For the indicated extension of the installation time, please note our statement for the main reasons which are influenced by the site-management from your site as follows:

- The most pipefitter and installation personal are unskilled and they have no experience with installation of pipework and fire fighting systems (Some of them are hairdresser and barkeepers). For this reason you have lost a lot of time and money, because the installation progress and the quality of installation was not so effective as required

- No suitable tools and not the required quantity of tools on site. For this reason the progress of installation and the quality could not be so effective as required

Moreover you have spend too much money for rented tools, equipment and storage containers etc.

It would be cheaper for you to buy the tools for this project

- The conditions on site with storage of the material as on the laydown area and also at the installation areas was a big chaos (problem of housekeeping). Your people have lost a lot of time to search for the material what they need for installation.

This are only a few short items to explain the reasons for extension of the installation time from our side

For this reasons we accept not your invoice but we suggest to have a meeting on site next year to clarify the situation and to find a solution for both sides.”

  1. Section 18 of the Building and Construction Industry Payment Act 2004 (Qld) was identical to the current form of s 14 of the NSW statute. Chesterman J considered that the first and second criteria — identification of the invoice and the fact that the applicant proposed to pay nothing — were satisfied. His Honour stated at [22] that:

“The important thing to note about invoice 1282 is that it claims three separate amounts. The first is for the cost of labour expended on the contract works, which was additional to amounts included in previous claims for payment. The second item was an adjustment of an overtime rate which had been wrongly charged in previous claims. The third item was of the same type. It was to recover the amount by which previous invoices have been reduced when the reason for the discount had not eventuated.”

  1. His Honour rejected the submission that the email was a payment schedule at [25]-[30]:

“[25]   Some reasons were given. They were:

The first respondent’s pipefitters and installers were unskilled and inexperienced and the installation work was ineffective.

The installers were not supplied with suitable tools and thereby experienced delay.

The construction site was poorly organised with inefficiencies in finding and moving materials.

These contentions amount to sufficient reasons for the applicant’s stated refusal to pay item 1 on invoice 1282. That claim was for the cost of labour over and above the labour charges that had been made in respect of the same work in earlier claims. The applicant made it sufficiently clear that it thought no additional labour charges were justified because the additional costs were occasioned by the first respondent’s inefficiencies and ineptitudes.

[26]   Significantly, the email does not deal at all with the claims for almost $88,000, seeking adjustments for overtime underpaid and a refund of discounts allowed for prompt payment which was not made. Mr Knop made it clear that the applicant would pay nothing in response to the invoice. He explained why it would pay nothing with respect to claim 1 but said nothing at all about claims 2 and 3. The reason may well be that Mr Knop was addressing the claim he considered contentious and was not, in his mind, compiling a payment schedule. His email is, however, the document on which the applicant is forced to rely and the only question is whether it satisfies the statutory definition.
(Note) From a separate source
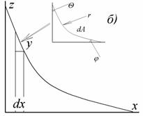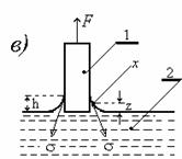 Отклонение формы мениска от сферической можно учитывать с помощью уравнения Рэлея, справедливого при r< Рис. 1.6. Схема прибора для определения поверхностного натяжения методом капиллярного поднятия (a), мениск жидкости в узком (б) и в широком (в) капиллярах Первый член разложения соответствует простому уравнению (1.1.41), второй - учитывает массу жидкости в мениске, форма которого предполагается сферической, а третий - отклонение формы мениска от сферической. Хаган и Дизайненс при решении задачи для эллиптического мениска пришли к аналогичному уравнению: Для узких трубок поправки, рассчитанные по уравнениям (1.1.42), (1.1.43) и (1.1.44), соответственно составляют 1,005; 1,006617 и 1,006623, что коррелирует с погрешностью определения h порядка 10-6м. Решение задачи введения поправок на отклонение от сферичности для широких капилляров привело Рэлея к выводу, что для воды необходима трубка с диаметром 5 см, чтобы исключить капиллярное поднятие. Для капилляров промежуточного размера используют поправки Бешфорта и Адамса. Если рассматривать фигуру вращения, приведенную на рис. 1.6, в, в точке пересечения мениска с его осью, т.е. при капиллярном поднятии на его дне, то оба радиуса кривизны должны быть равны (r1=r2). Обозначим в точке z r1=r2=b. Тогда При z=0 DP=2s/b, а при любом другом значении z изменение давления DP=Dgz. Бешфорт и Адамс для расчета поправок предложили использовать уравнения в безразмерной форме: где j - угол, дополняющий угол смачивания до 90o. Числовые решения уравнения (1.1.46) были проведены Бешфортом и Адамсом и приведены в виде таблиц для различных b и j. Эти таблицы позволяют внести поправки при расчете поверхностного натяжения по экспериментально измеренным радиусам капилляров, плотности жидкостей и воздуха, высоте подъема жидкостей по капиллярам и уточнить значения радиуса кривизны мениска и поверхности натяжения. Рис.1.7. Схема прибора для определения поверхностного натяжения методом Вильгельми (а), схема цилиндрического мениска у вертикальной пластинки (б), пластинка, подвешенная в жидкости (в).

[27]   If the applicant had no objection to paying those amounts the Act required it to say so in its payment schedule. The whole purpose of such a document is to identify what amounts are in dispute and why. The delivery of a payment claim and a payment schedule is meant to identify, at an early stage, the parameters of a dispute about payment for the quick and informal adjudication process for which the Act provides. If a builder wishes to take advantage of the Act to dispute the claim it must comply with its provisions and must, relevantly, take the trouble to respond to a payment claim in the manner required by the Act. The process is not difficult. The applicant was required to identify those parts of the claim which it objected to paying and to say what the grounds of its objection were.
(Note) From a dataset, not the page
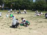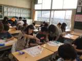 1年生から6年生までの縦割り班ごとに分かれて、ゲームをしています。 絵かきしりと...

[28]   There are two possible constructions of the 14 December email. The first is that the applicant did, in fact, object to paying anything for items 2 and 3, and proposed to pay nothing in respect of them. In that case for the document to be a payment schedule the applicant had to give reasons for its objection. The email is silent on this point. The second, more likely, construction is that the email does not address that part of the payment claim at all. It did not state the amount of the payment which the applicant proposed to make. If this be the true construction the email did not satisfy the second criterion in s 18 of the Act. On either view the 14 December email did not comply with the definition. The email is incomplete if it is intended to be a payment schedule. It had to address the claim made and not only a part of it. I think this is clear.

[29] A payment schedule which complies with the Act will set out the amount it proposes to pay in response to a claim. By s 20 a respondent who does not pay the amount its payment schedule proposes to pay can suffer summary judgment in a court of competent jurisdiction and enforce the amount as a judgment debt. The machinery for prompt payment and enforcement of payment would break down if a document, said to be a payment schedule, took issue with part only of a claim but was silent as to what it proposed to pay in respect of the balance. The contractor could not enter judgment. The respondent’s reticence could frustrate the operation of the Act.

[30]   This conclusion has the consequence that the second respondent was correct in his approach to the adjudication.”

  1. In Façade Treatment Engineering Pty Ltd (in liq) v Brookfield Multiplex Constructions Pty Ltd [2016] VSCA 247; 337 ALR 452, the same question arose, in connection with an email sent by an employee of Multiplex. The substance of the email is reproduced at [14] of the judgment of Warren CJ, Tate and McLeish JJA:

“We advise that we cannot reasonably consider the submitted Progress Claim 19 as valid on the following grounds:

— Pursuant to Subcontract Clause 42.1A(a) – BMC has reason to believe that the submitted Statutory Declaration is inaccurate with regard to item 3, please resubmit.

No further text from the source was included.